Dataset extract below:

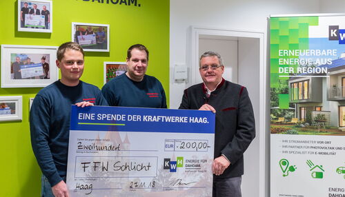 Die Kraftwerke Haag spenden 200,- Euro an die Feuerwehr Schlicht um deren Jugendarbeit zu unterstützen.
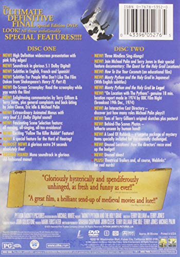 Details: Prior to 2015 Release Synopsis: Once in a lifetime there comes a motion picture that changes the whole history of motion pictures. A picture so stunning in its effect, so vast in its impact that it profoundly affects the lives of those who see it. That picture might well be MONTY PYTHON & THE HOLY GRAIL, and this we promise is definitely, positively its very last and ultimate edition. Re-mastered for Blu-ray high definition standards with picture and sound so clear that, as King Arthur and his Knights search for the Holy Grail, you can experience every severed limb, killer rabbit, coconut and shrubbery as never before. 2015 Release Synopsis: Once in a lifetime there comes a motion picture that changes the whole history of motion pictures. A picture so stunning in its effect, so vast in its impact that it profoundly affects the lives of those who see it. MONTY PYTHON & THE HOLY GRAIL might well be that motion picture. In celebration of its 40th Anniversary milestone, immerse yourse
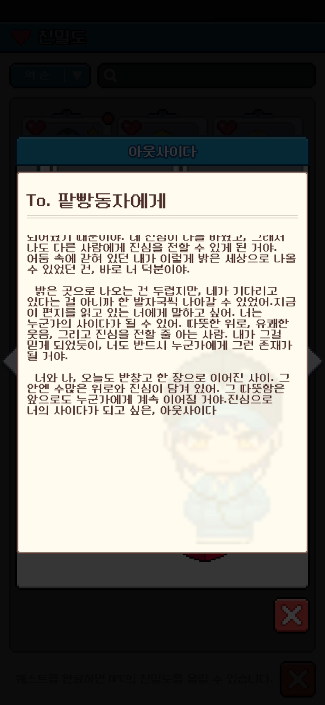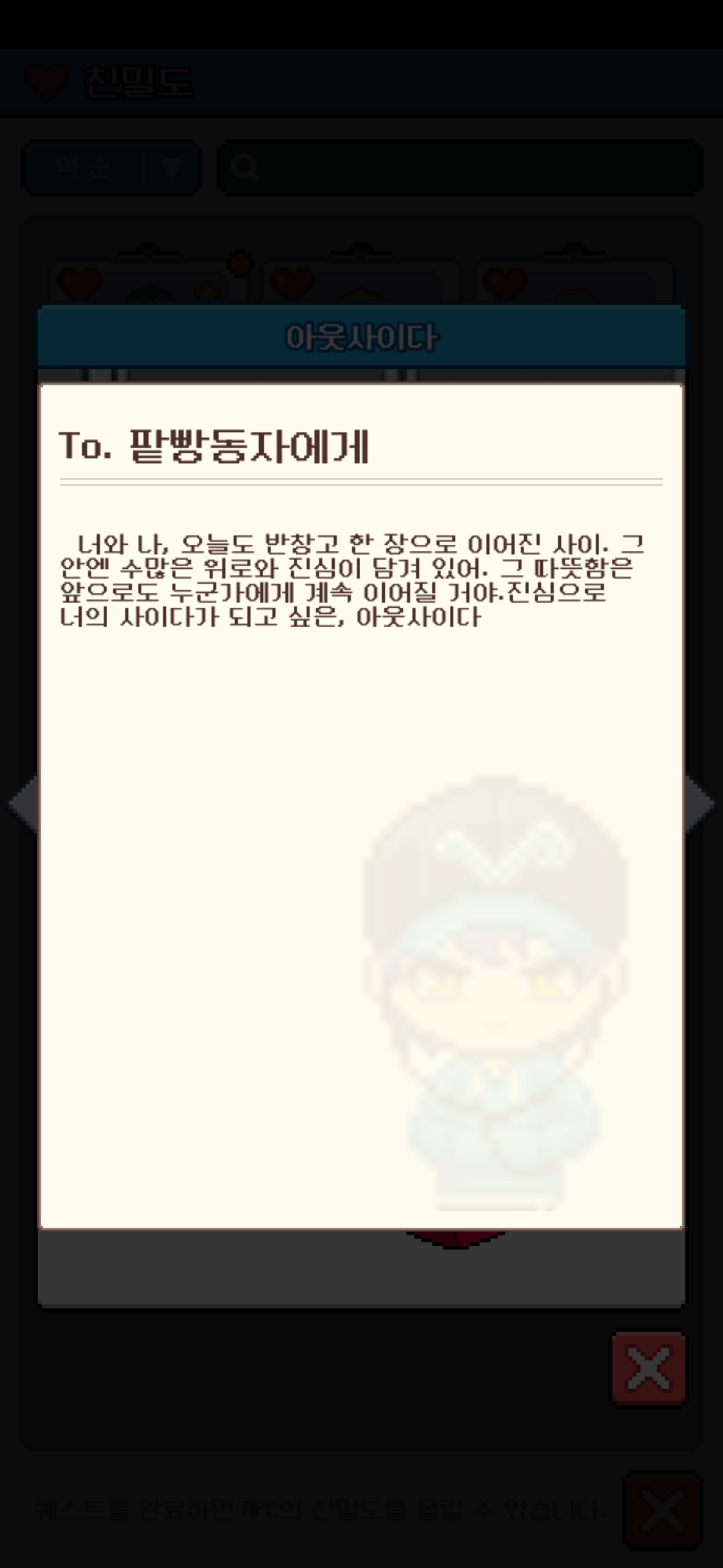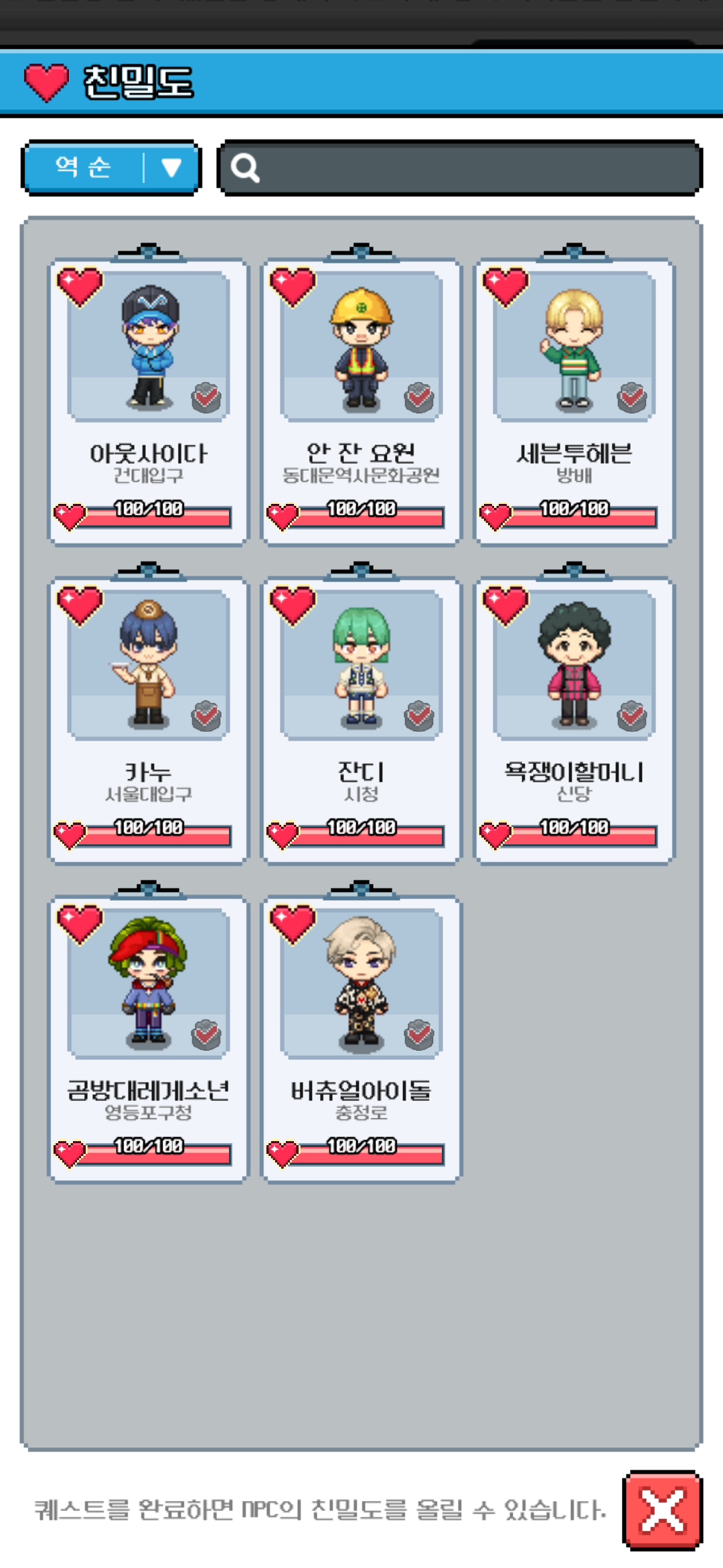 8명의 NPC 친밀도 모두 100 달성 완료입니다! :)

End of Dataset extract.

- [Task instructions]:
From the first line to the last, retype the data exactly, but omit every image.

- [Response below]:
 Die Kraftwerke Haag spenden 200,- Euro an die Feuerwehr Schlicht um deren Jugendarbeit zu unterstützen.
 Details: Prior to 2015 Release Synopsis: Once in a lifetime there comes a motion picture that changes the whole history of motion pictures. A picture so stunning in its effect, so vast in its impact that it profoundly affects the lives of those who see it. That picture might well be MONTY PYTHON & THE HOLY GRAIL, and this we promise is definitely, positively its very last and ultimate edition. Re-mastered for Blu-ray high definition standards with picture and sound so clear that, as King Arthur and his Knights search for the Holy Grail, you can experience every severed limb, killer rabbit, coconut and shrubbery as never before. 2015 Release Synopsis: Once in a lifetime there comes a motion picture that changes the whole history of motion pictures. A picture so stunning in its effect, so vast in its impact that it profoundly affects the lives of those who see it. MONTY PYTHON & THE HOLY GRAIL might well be that motion picture. In celebration of its 40th Anniversary milestone, immerse yourse
 8명의 NPC 친밀도 모두 100 달성 완료입니다! :)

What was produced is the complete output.